Cortes, known for his pinpoint control, has walked twelve batters so far this season after issuing just 24 all of last season, and five of those twelve walks have come in just 3.1 bullpen innings.

"Right now he’s just not quite back to where he was last year, but it’s early," Mitchell said. "He’s struggling a little bit with his command and his pitches, and he really needs to get left-handed hitters out because if he can he is going to be a really successful reliever.”

Part of that transition to pitching out of the bullpen more is further developing his slider, a pitch that he had just introduced into his repertoire this time a year ago.  He has also put a new wrinkle on the slider this year too, dropping his arm angle sometimes to get a little more deception against left-handed batters and it's something he's working on this season, and it has been a reason for the less-than-stellar command he's normally shown over the years.

"That slider has some really good break too it,” Mitchell said.  “And me being a lefty, I've seen those guys and they’re very tough.  You don't see them very often, but they drop their arm down, they come side-arm, and when the ball is going away from you it makes it very tough.”

Cortes is still working on perfecting that aspect of his still relatively new slider and obviously commanding it isn't second nature to him yet but he keeps plugging away.  Still, eight of his twelve walks this season have come to lefties so it tells the story of how he's still working on it and how much further it needs to go.

Like it is with any young prospect still developing his game, Cortes is trying to fine-tune the aspects of his game that will help take him to the next level.  Since he doesn't have the upper-90s gas at his disposal, perfecting that breaking ball and new arm angle could help carve an eventual big league role for him.

"My expectation for him is to come in and really get lefties out as a reliever," Mitchell said. "I mean, that’s going to be his job. Lefties need to get lefties out, and if they can, sometimes they become left handed-specialists. When a righty comes up, they may elect to bring somebody else in.”

While Cortes continues to work on perfecting his transitioning role, the fact is he has done an admirable job to date.  He has posted a combined 3.16 ERA so far this season and struck out nearly a batter per inning pitched.  So while the numbers are not quite where they were a year ago, he is still making significant progress in his development and having in-game success at the same time.

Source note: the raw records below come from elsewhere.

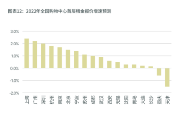 租金上,2022年全国购物中心的新增供应量预计与2021年基本持平,总量约900万平方米。其中近九成位于非核心商圈,但有近六成的项目由经验开发商管理运营。由此预计,全国购物中心整体空置率有望保持在10%以下,全国平均首层租金指数预计同比增长1%左右。基于品牌更强的拓店意愿,一线城市和华东二线城市的租金有望增长1.5%-2.5%。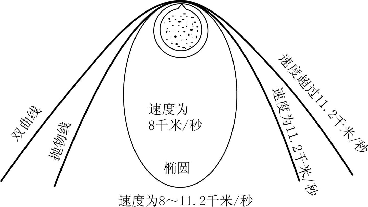 图2-12 以8千米/秒以上的速度射出去的炮弹的命运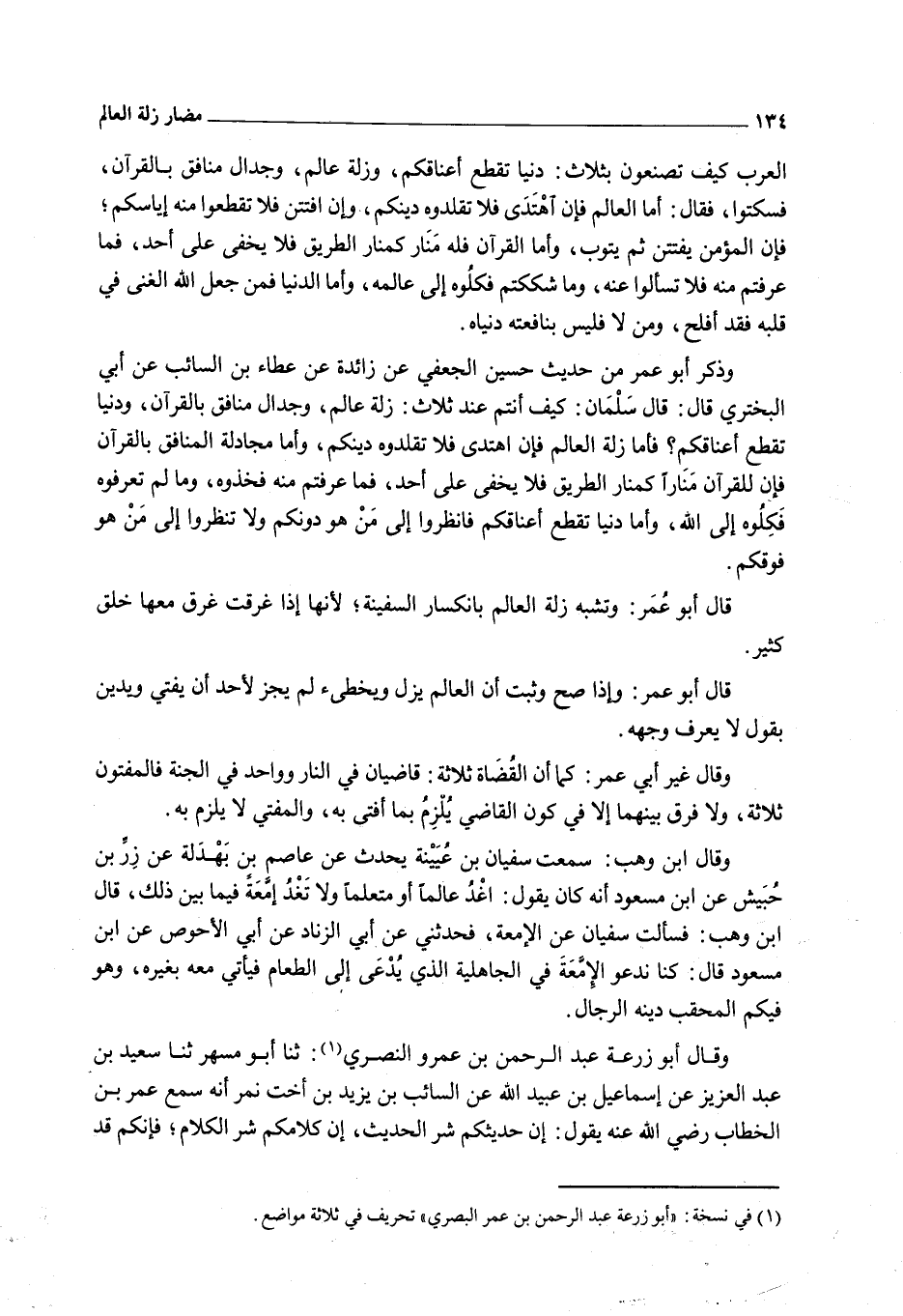 قَالَ أَبُو عُمَرَ: وَتُشَبَّهُ زَلَّةُ الْعَالِمِ بِانْكِسَارِ السَّفِينَةِ؛ لِأَنَّهَا إذَا غَرِقَتْ غَرِقَ مَعَهَا خَلْقٌ كَثِيرٌ.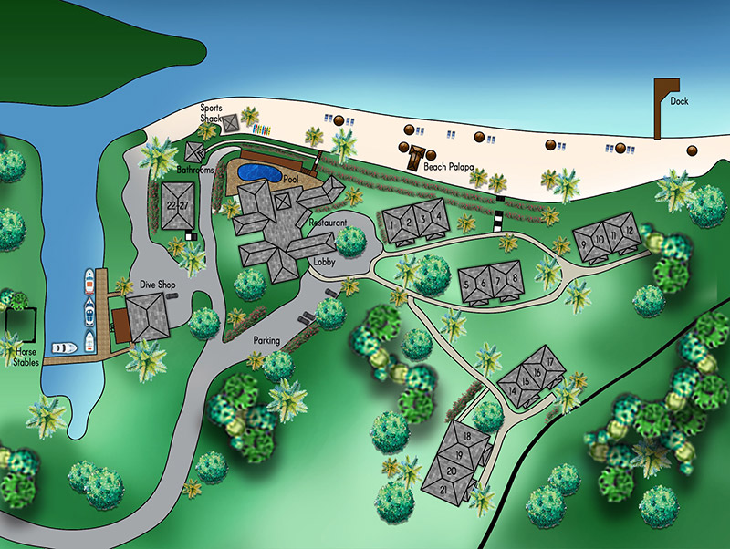 View or download the Turquoise Bay Dive & Beach Resort orientation map here: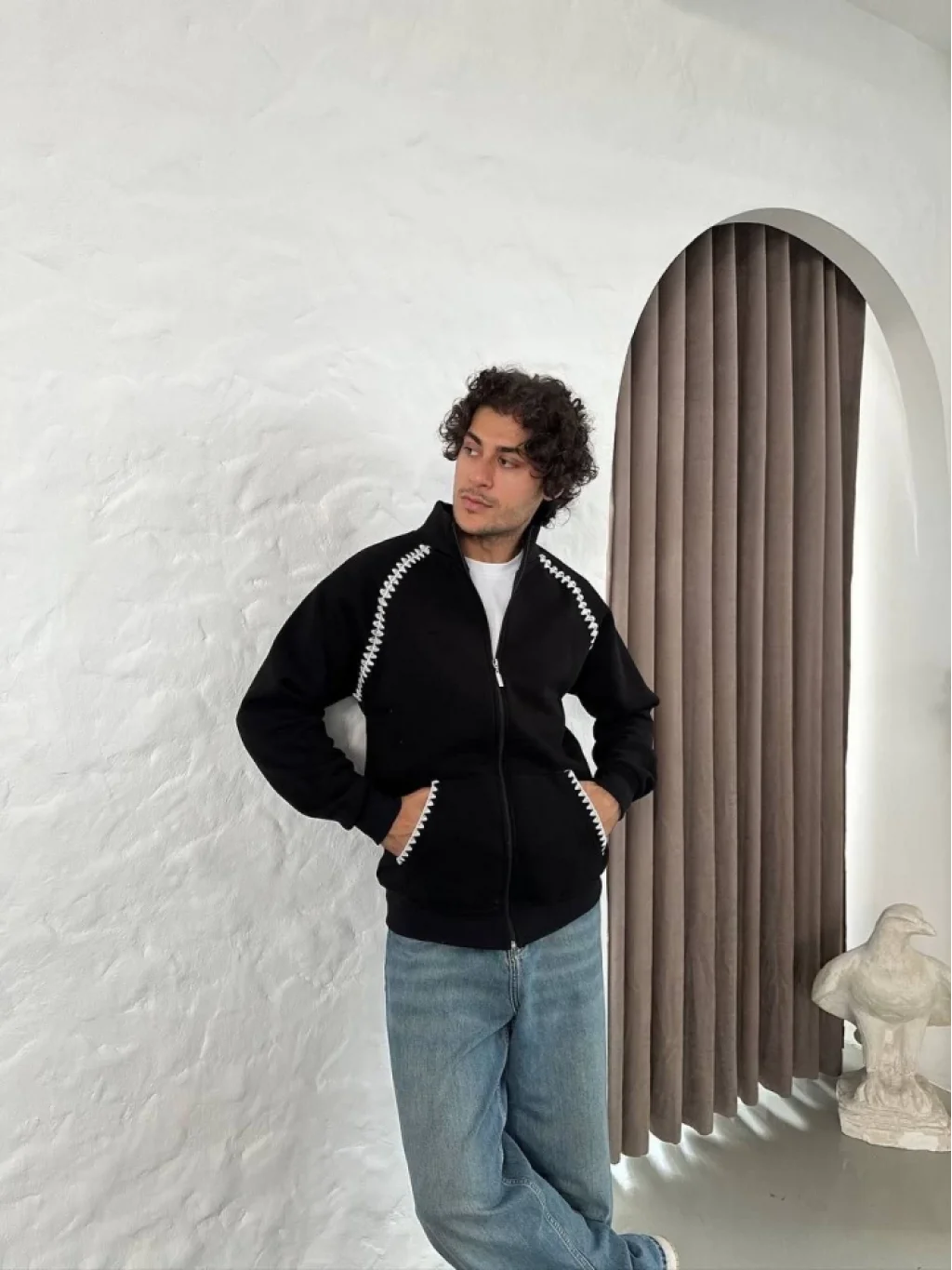 Erkek Oversize Dik Yaka Fermuarlı Sweatshirt - Zincir Nakışli Kanguru Cepli - Siyah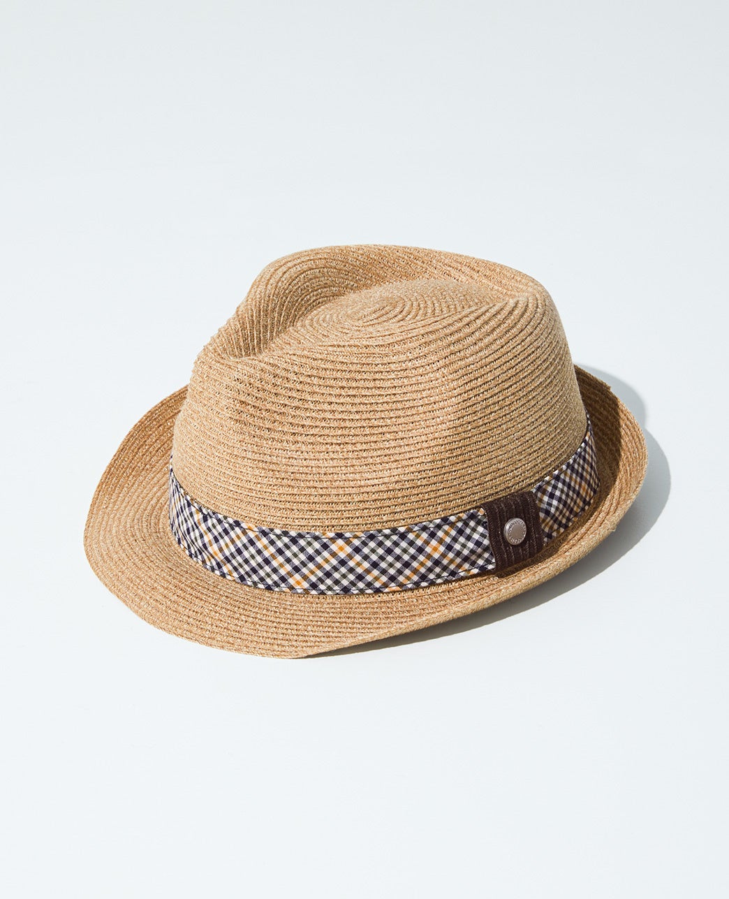 リボン部分にクロコダイルタータンを使用したサーモハット。成形加工を施すことで型崩れしにくいのが特徴。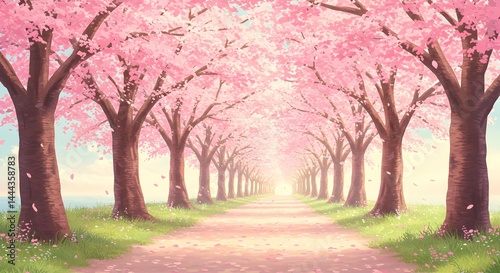 Fototapeta premium Serene Pink Blossom Tunnel Path to Light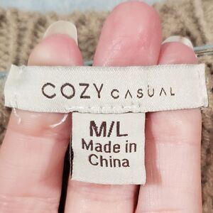 COZY CASUAL Women's Size M/L Tan V Neck Knit Fringe Trim Sweater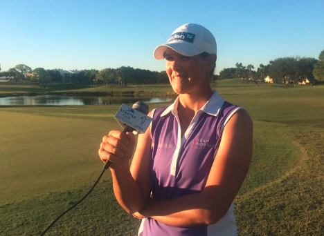 Marianne Skarpnord intervjuet etter seieren i kvalifiseringen i det andre steget i LPGA Q-school. Foto: Team Norway Golf.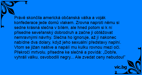 Právě skončila americká občanská válka a voják konfederace jede domů vlakem. Zrovna naproti němu si sedne krásná slečna v bílém, ale hned potom si k ní přisedne seveřanský dobrodruh a začne ji obtěžovat nemravnými návrhy. Slečna hо ignoruje, až jí nakonec nabídne dva dolary, když jeho sexuální představy naplní. Vtom se jižan naštve a napálí mu kulku rovnou mezi oči. Překročí mrtvolu, přisedne ke slečně a povídá: „Dobře, vyhráli válku, osvobodili negry... Ale zvedat ceny nebudou!”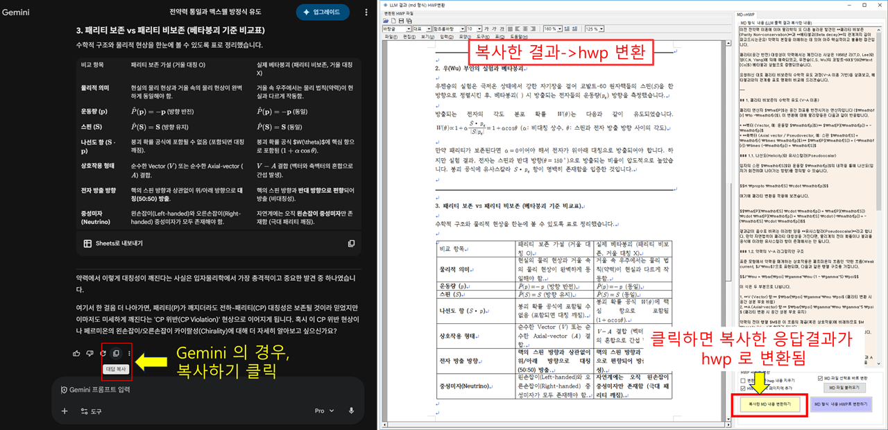 Gemini나 ChatGPT 같은 LLM의 답변을 HWP(한글)에 그대로 복사해서 붙여넣으면, 수식이나 표가 심하게 깨지거나 누락되는 불편함이 있습니다.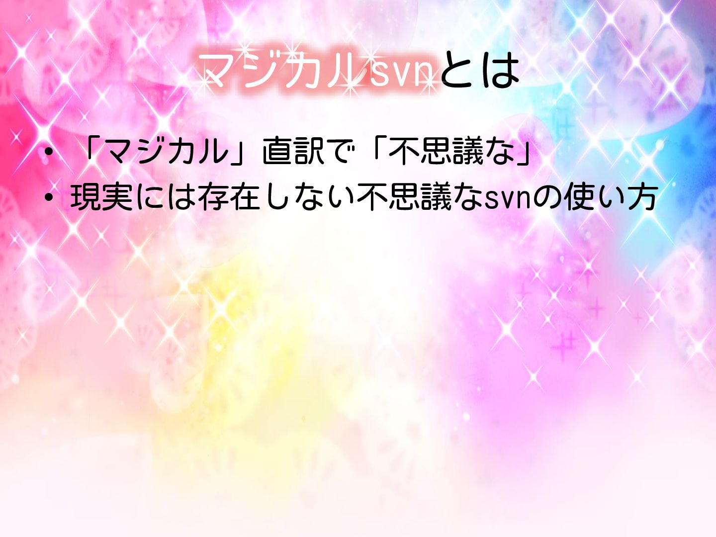 マジカルsvnとは • 「マジカル」直訳で「不思議な」 • 現実には存在しない不思議なsvnの使い方

"I think my slider has gotten a lot better," Cortes said. "At Spring Training, I was trying to make my slider look like a fastball and it only goes back one year from now when I didn’t have a slider at all, and Jose Rosado (Thunder pitching coach) told me I needed something quicker because I have a slow curveball and a fastball. He said 'let’s get you something in between'. We worked on it and it’s come a long way.”

"He throws strikes," Mitchell added.  "He’s gotten away from it a little bit the last [couple of] outings but he throws strikes, He is very deceptive with his delivery. He has a good slider, especially to lefties and he works fast, and when you work fast, thatss something where your defense is going to help you out a lot too.”

The coaching staff isn't too concerned about Cortes' minor struggles in transitioning to his new role, noting that they're only minor hiccups at this point.  And Cortes himself, with a wealth of performance already behind him, isn't too concerned long-term either.

"I'm feeling confident," Cortes said. "My last [few] outings haven’t been what I want them to be, but I'm working hard with the pitching coach, Jose Rosado, and he’s keeping me confident and just trying to throw strikes.

“You just got to grind out every day. It’s not a struggle because you are doing what you love, but it is a job and every day you need to come out and prepare for what you got to do. You just got to set up your priorities," he concluded.